IMPORTANT: This article contains information about modifying the registry. Before you modify the registry, make sure to back it up and make sure that you understand how to restore the registry if a problem occurs. For information about how to back up, restore, and edit the registry, click the following article number to view the article in the Microsoft Knowledge Base:

  Q256986 Description of the Microsoft Windows Registry

SUMMARY
=======

When an administrator attempts to secure the Microsoft Windows NT system by
changing the default Windows NT file system (NTFS) file and directory
permissions set up on the <%winnt_root%> and/or the default system
directories and subdirectories, some functions, such as users' ability to log on
to the network, may be impaired. In extreme cases the system may blue screen on
startup. If the system starts, the default permissions can be restored. If the
system blue screens, the original system can be restored by installing a second
copy of Windows NT.

MORE INFORMATION
================

WARNING: If you use Registry Editor incorrectly, you may cause serious problems
that may require you to reinstall your operating system. Microsoft cannot
guarantee that you can solve problems that result from using Registry Editor
incorrectly. Use Registry Editor at your own risk.

The following procedure does not work in Windows NT 4.0. For additional
information, click the article number below to view the article in the Microsoft
Knowledge Base:

  Q157963 Setacl.exe Not Available in Windows NT 4.0


If the System Starts
--------------------

Use the following procedures to restore the default permissions on the system
files in the <winnt_root> and all default subdirectories.

1. Logon as administrator.

2. The built-in SYSTEM account needs access to the Windows NT default
  directories and subdirectories. To get this access, do the following:

  a. In File Manager use Security/Permissions to grant the SYSTEM account FULL
     CONTROL to the root directory of the NTFS volume that contains Windows NT.

  b. Next, either click to select the "Replace Permissions on Subdirectories"
     option, which gives SYSTEM access to the entire volume,

     -or-

     go to the system's root directory (typically, WINNT35) and give SYSTEM full
     control of that directory and all subdirectories. SYSTEM should always
     have full control of all system files.

3. Start Registry Editor (Regedt32.exe).

4. Go to the following registry location:

  HKEY_LOCAL_MACHINE\System\CurrentControlSet\Control\Session Manager

5. Double-click the value BootExecute.

6. Under BootExecute, you may find a few entries, such as:

  autocheck autochk *

  After any entries, add on a separate line:

  "setacl /a \DosDevices\<systemdrive>:\<winnt_root>
  \System32\winperms.txt \DosDevices\<systemdrive>:" (without the
  quotation marks)

  NOTE: This added entry should all be on the same line under the autocheck
  entry.

  Here <systemdrive> is the drive that Windows NT is installed on and
  <winnt_root> is the Windows NT root directory on that drive.

  After adding the change on a typical system, the BootExecute entry looks like
  this while in the reged32 multi-string editor:

  autocheck autochk *
  setacl /a \DosDevices\c:\winnt35\system32\winperms.txt \DosDevices\c:

7. Click OK to save the changes.

8. Exit the registry editor and restart the computer.

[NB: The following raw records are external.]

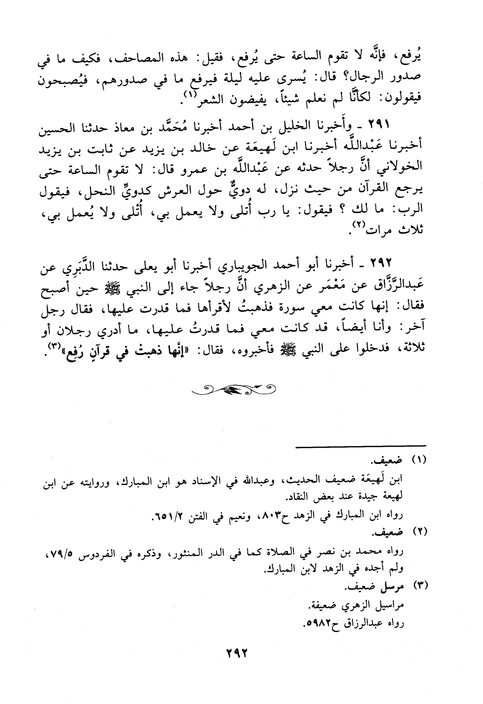 291- وأخبرنا الخليل بن أحمد أخبرنا محمد بن معاذ حدثنا الحسين أخبرنا عبد الله أخبرنا ابن لهيعة عن خالد بن يزيد عن ثابت بن يزيد الخولاني أن رجلا حدثه، عَن عَبد الله بن عمرو قال: لا تقوم الساعة حتى يرجع القرآن من حيث نزل له دوي حول العرش كدوي النحل فيقول الرب: ما لك؟ فيقول: يارب أتلى، ولاَ يعمل بي أتلى، ولاَ يعمل بي ثلاث مرات.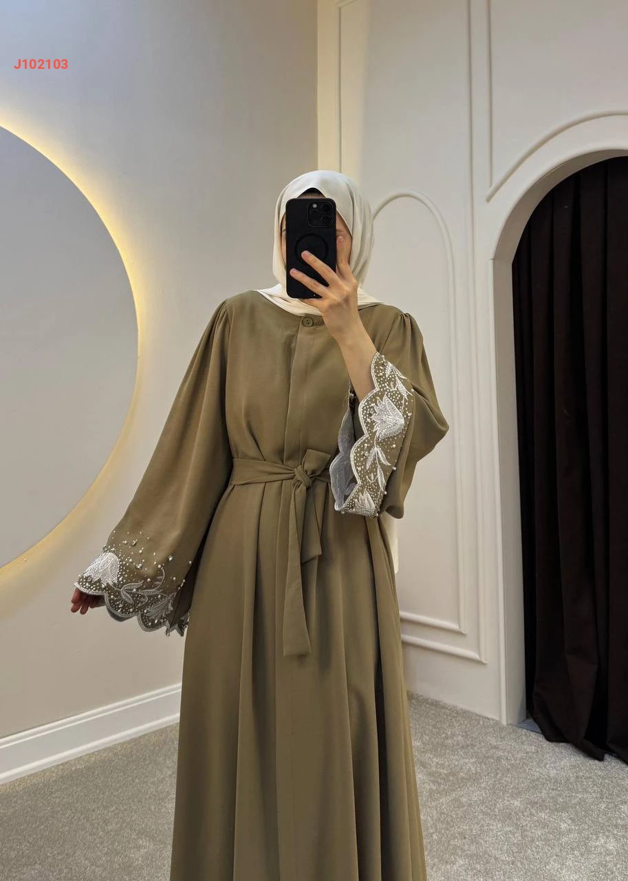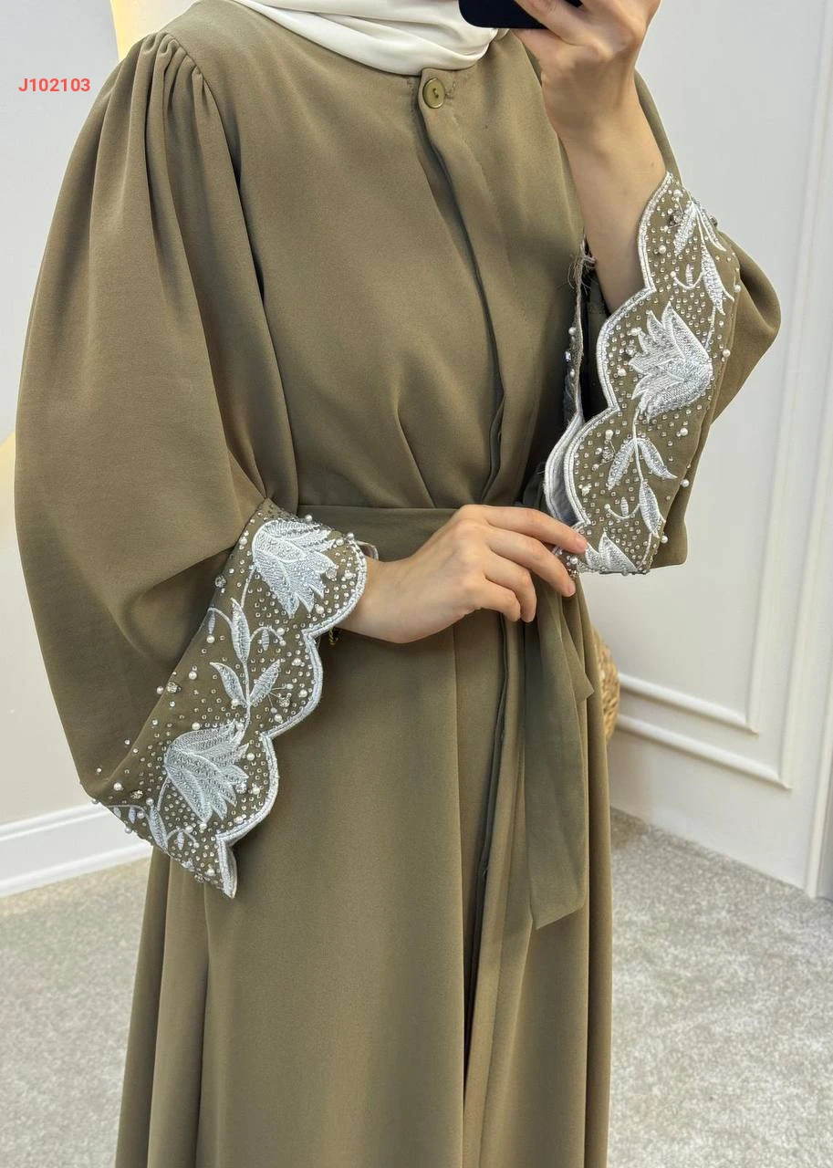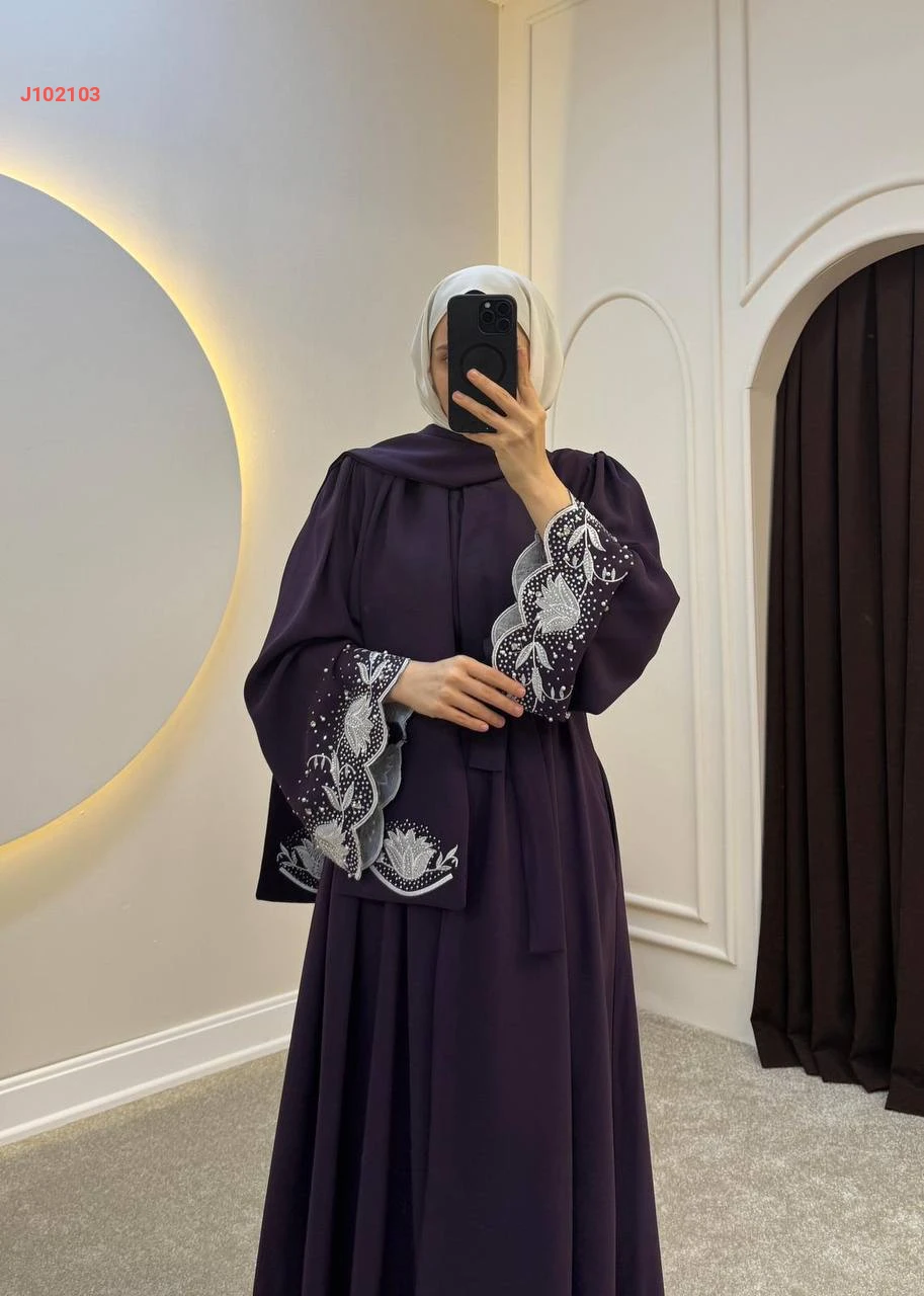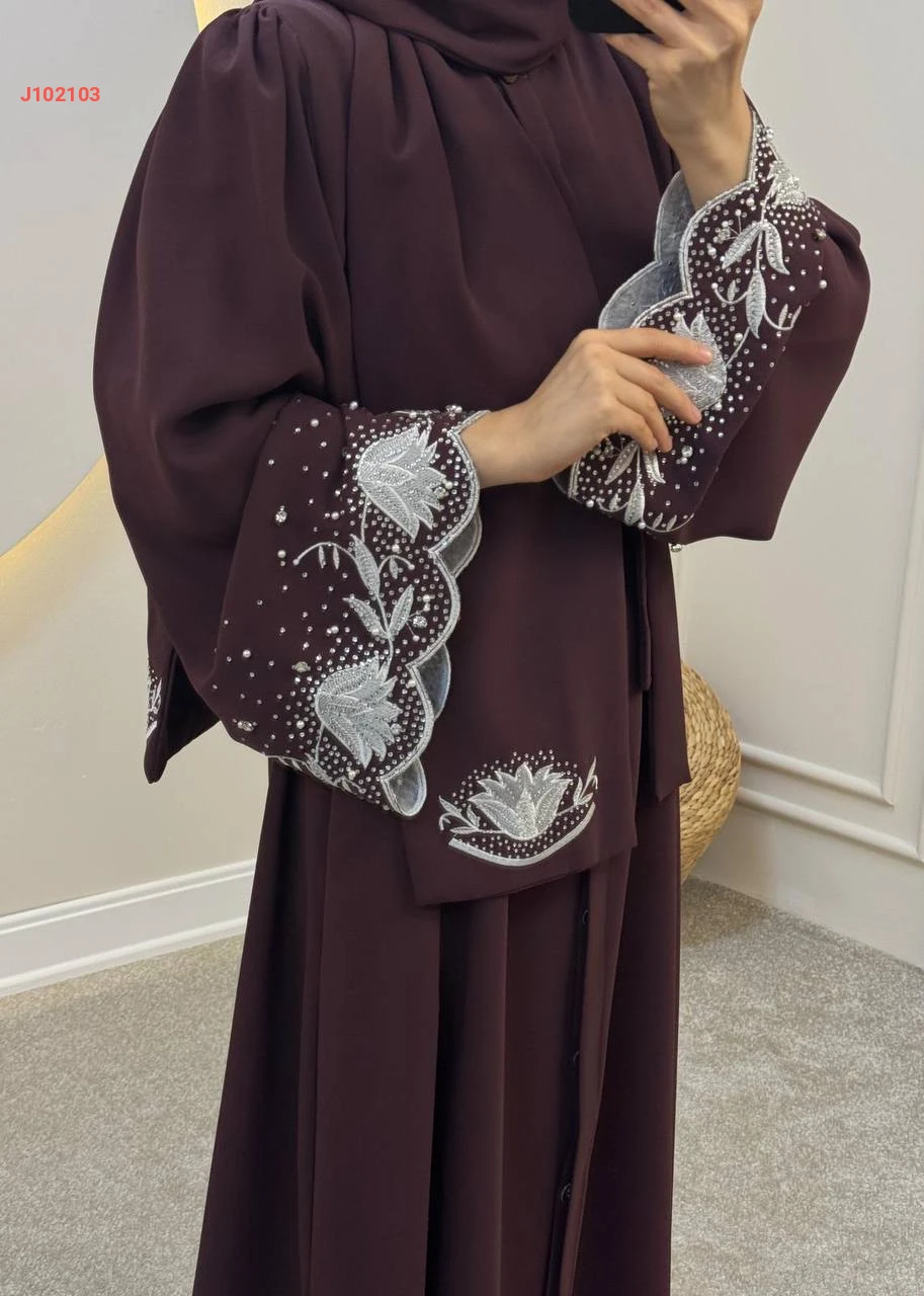 عباية بأزرار مع شال وأكمام تطريز شك فضي مع حزام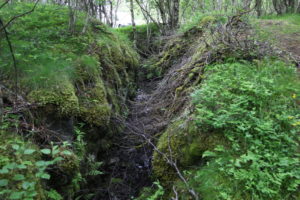 Red adm: Anlegget ligger på to sider av RV 7490 ved Eidet. Det er gjengrodd og kan være vanskelig å få øye på.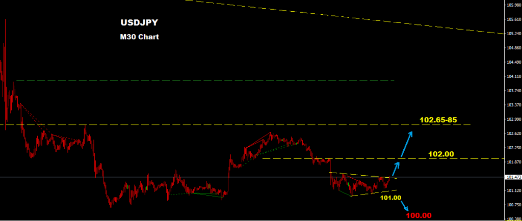 market holding trades inside small triangle formation where as long as market holding above 101.00 a rebound correction may hit market toward 102.00-05 while above this level expect farther advance toward 102.65-85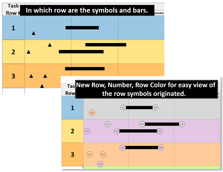 Have a very dense schedule with symbols on many levels of each task row? Now it's easy to visually tell which actual row your symbols are on.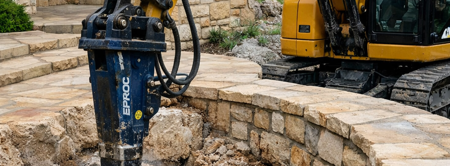 Premium builds in Lakeway and Westlake mean working within feet of existing foundations and retaining walls. Our NPK hydraulic hammer with chisel bit breaks rock without the concussive impact that cracks neighboring structures. Precision, not percussion.
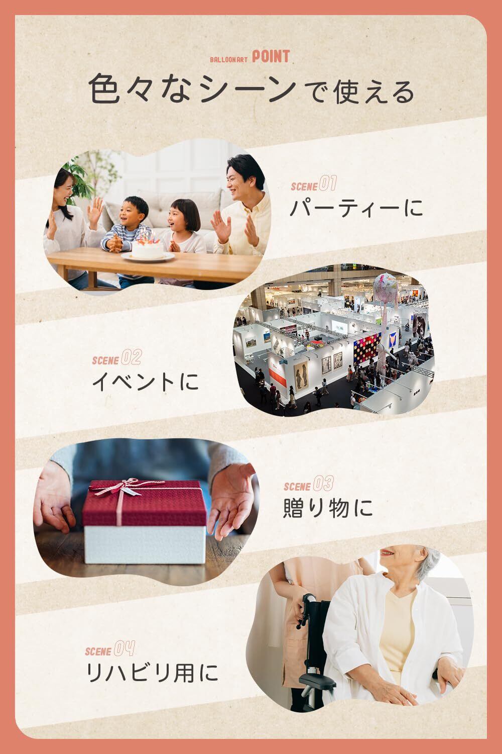 【多様なシーンで活躍】バルーンアートの動物や花、文字など、自由に作れるアイテムとして誕生日パーティー、結婚式、学校イベント、店舗装飾など、あらゆるシーンを彩ります。選べる3つのバリエーションで、イベントのテーマや雰囲気にぴったりの色味を演出できます。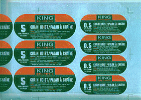 左図は、オフセット印刷機で消銀テトロンという材質に印刷し、ラミネート加工をしたものです。シールの型に抜く前の状態です。 画像では、実寸よりも縮小されています。 実際は縦に4つ並んでいる方の長さが、245mmです。 |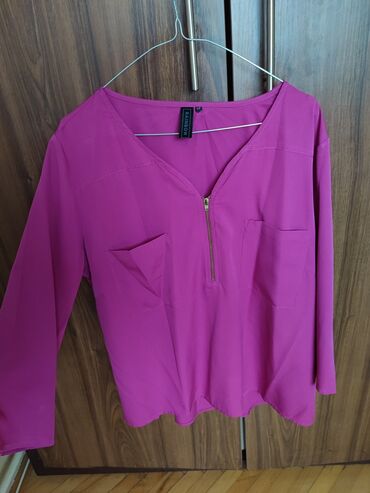 AMC ženska bluza sa dugim rukavima - Materijal: 100% viskoza (navedeno na etiketi) - Proizvedeno u Srbiji - Veličina: 40 - Dužina: 59 cm - Poluobim grudi: 49–57 cm - Cena: 1000 din (navedeno na sl...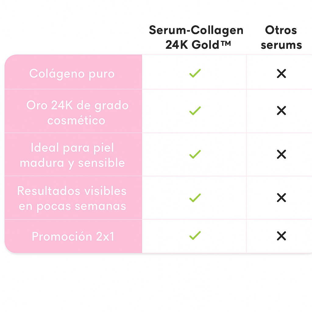 Su formula combina colágeno hidrolizado con partículas de oro puro para estimular la regeneración celular, hidratar en profundidad y reducir visiblemente los signos de la edad. Ideal para mujeres entre 25 y 55 años que desean un cambio real sin procedimientos invasisvos.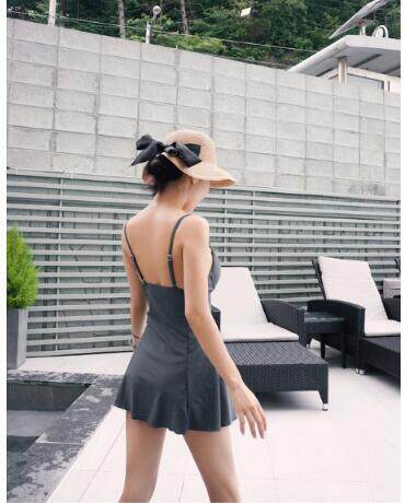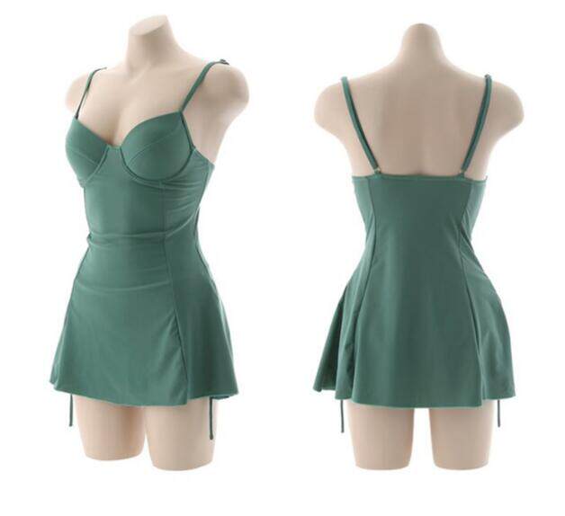 2021 Spa Holiday Original Steel Ring Small Chest Gathering Harness Conservative pure Color Chater Slim One-piece Swimsuit Woman

When the computer restarts, the system will set security on the system files just
as it does when converting from FAT to NTFS file systems.

No Additional file security needs to be placed on the Windows NT system files if
they are residing on NTFS. Any further restrictions may curtail the ability of
users to log on to the individual computer or the domain.

However, it is possible to restrict user access to system files. As long as the
SYSTEM account has full control of all system files, user access (usually
through the group EVERYONE) can be restricted.

NOTE: Microsoft recommends using the default permissions for Windows NT. Changing
these permissions may make it impossible for users to log on, print, access
logon scripts, or gain access to other necessary functions. As with using the
Registry Editor, make these changes at your own risk. Always have a recovery
plan in case you need to revert to a previous setup.

The minimum permissions necessary to log on (again, assuming SYSTEM has full
control of the volume root and all system directories and files) are:

    System_root (e.g. c:\winnt35) ------------ Everyone - READ
    System_root\system32 --------------------- Everyone - READ/EXECUTE
    System_root\system32\repl\import\scripts - Everyone - READ/EXECUTE
         (only if your users have logon scripts)

Depending on your environment, additional permissions may be necessary.

If The System Does Not Start (Blue Screen with STOP 21A)
--------------------------------------------------------

If the administrator has modified permissions, rebooted the computer, and now
receives a blue screen, then the most likely cause is that the SYSTEM account
does not have adequate access to the system files and directories.

To restore access:

1. Install a new copy of Windows NT into a new directory on the same volume as
  the existing copy. Of course, you will need to start up with the boot disks.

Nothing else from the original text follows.